Aroma is an essential element in making and drinking whiskey and Lenny seems to have a particular appreciation for this. “Yeah, the smells,” he says, as he takes in a deep, yogi-esque inhale through his nose, exhales, and continues, “Yeah, the smells of the barrel, the smells of crystal malt, the smells of fermentation. And the river – just walking by the river – it smells like the river.”
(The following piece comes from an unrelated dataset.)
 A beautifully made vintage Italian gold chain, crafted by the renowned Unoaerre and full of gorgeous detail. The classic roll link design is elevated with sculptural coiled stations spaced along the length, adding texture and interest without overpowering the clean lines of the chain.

Where this all really comes together is in the taste — the sights, sounds, and smells – and this is where Lenny is most in charge. He asserts, “When I run the still, I make the determination on which cuts to take, I make the determination on what to put in the barrel, how long to let it sit in the barrel, when to pull it out, how to blend it, what to dilute it down to. These are all individual decisions that yield a product that I like, and yeah, I hope that everyone else likes it, too.” Lenny is the most meticulous judge of his own creations. Throughout the process of producing a barrel of Deerhammer whiskey, Lenny is constantly tasting and noting. He explains, “Yes, I taste it along the way. A lot of folks just go by aroma. You can put a nose in a glass, get a good sniff, but I’m sticking my finger in there getting a sample pretty consistently. For me, that’s the best way to make a product. Going through it. Tasting it. Seeing where it’s at.” And to this, Lenny says, “These are the things that keep me going.”

What keeps Amy going is how they will pay for the next order of barrels. For the first year and a half of Deerhammer being open, Amy kept her job as a full-time nurse, though it wasn’t long before she had pared down to part-time before ultimately taking the leap and joining Lenny full-time at Deerhammer. At that point, the Ecksteins were all-in.


“My thing is learning to build a business,” says Amy. “I knew so little when we started and I still have lots to learn. I’m running the tasting room, the staff, the sales, the finances. I am hopefully pointing us in the right direction.” Together, Lenny and Amy must be doing something right. They are selling everything they make and Amy is running Deerhammer’s very busy on-site tasting room. On a small chalkboard above the bar, she keeps a short menu of seasonal cocktails featuring fresh, local ingredients. For interested visitors, she provides informative samplings of her husband’s art – Down Time Single Malt Whiskey. Lightly aged Whitewater Whiskey. The just-bottled Wheat Whiskey. And, Bullwheel Gin, a hybrid recipe of Dutch Genever and New West style gins.


The tasting room is a welcoming space, warmly designed and simply furnished with about six dark wooden tables and an equal number of barstools. A set of two vintage looking lounge chairs, built from oak barrels, and an accompanying ottoman, sit together in a corner next to a working wood stove. Behind a tastefully weathered sliding barn door bearing Deerhammer’s distinctive logo, is where Lenny conducts all facets of distilled spirit production.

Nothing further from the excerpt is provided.